From the Enterprise VoIP Experts

September 09, 2013

Mitel Snags Top Spot in Netherlands PBX Market

By SIP Trunking Report Contributing Writer

Mitel, a provider of cloud and software-based unified communications solutions, has reported significant growth in the Netherlands, allowing it to claim the top market position in the region during the first half of 2013 in the PBX and IP PBX market. Mitel managed to grow from 22 percent share in Q1 to 31 percent in Q2 in terms of IP extension shipments, according to data gathered by research firm MZA.

This is a somewhat surprising development, considering the state of the overall enterprise PBX market — including TDM, hybrid and pure IP PBXs — during the first half of 2013. According to recent data from Infonetics Research, worldwide enterprise PBX revenue fell 9 percent in the second quarter as compared to the same period in 2012 to sit at $1.81 billion. This can apparently be traced back to slower demand and competitive pricing pressure.

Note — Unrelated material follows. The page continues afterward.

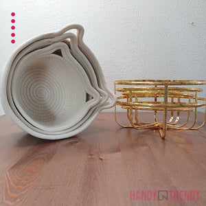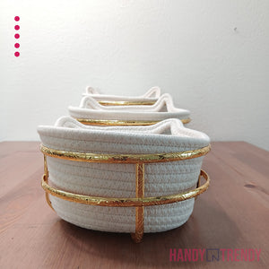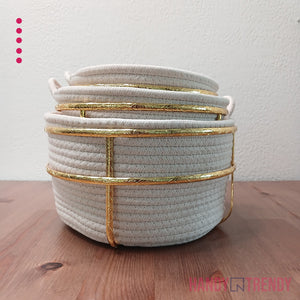 Add a touch of natural elegance to your home with this set of handwoven cotton rope baskets, perfect for both serving and storage. Featuring a clean white base with gold-accented bands, these baskets blend functionality with modern aesthetics. Whether you're organizing fruits, bread, snacks, or household essentials, their versatile design makes them ideal for kitchens, dining tables, or open shelving.

Still, there are often outliers, Mitel obviously being one in this case. According to MZA’s general manager Stephanie Watson, Mitel has been able to thrive in the Netherlands so far this year on the strength of its innovation and its single software approach.

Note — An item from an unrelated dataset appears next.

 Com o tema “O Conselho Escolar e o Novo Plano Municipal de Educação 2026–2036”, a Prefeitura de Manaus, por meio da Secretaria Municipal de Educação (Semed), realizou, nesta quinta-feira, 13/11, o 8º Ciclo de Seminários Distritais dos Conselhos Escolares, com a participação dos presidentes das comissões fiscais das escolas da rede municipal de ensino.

"Competition is driving innovation adoption in the Netherlands where vendors are aggressively leveraging new features and deployment options to win business," said Watson. "Mitel's ability to consistently innovate, coupled with a full suite of UC applications and a single software approach that allows customers to easily adjust as their business and technology evolves, is resonating extremely well in this market and has helped differentiate and propel Mitel to the No. 1 market share position."

In particular, key projects have played a major role for Mitel in the Netherlands. The Dutch OT2010 program, for example, is an eight-year project to upgrade communications systems across 100 Dutch government departments through the deployment of 100,000 IP ports. In order to secure this contract, Mitel had to prove that its portfolio could meet certain criteria for service and security.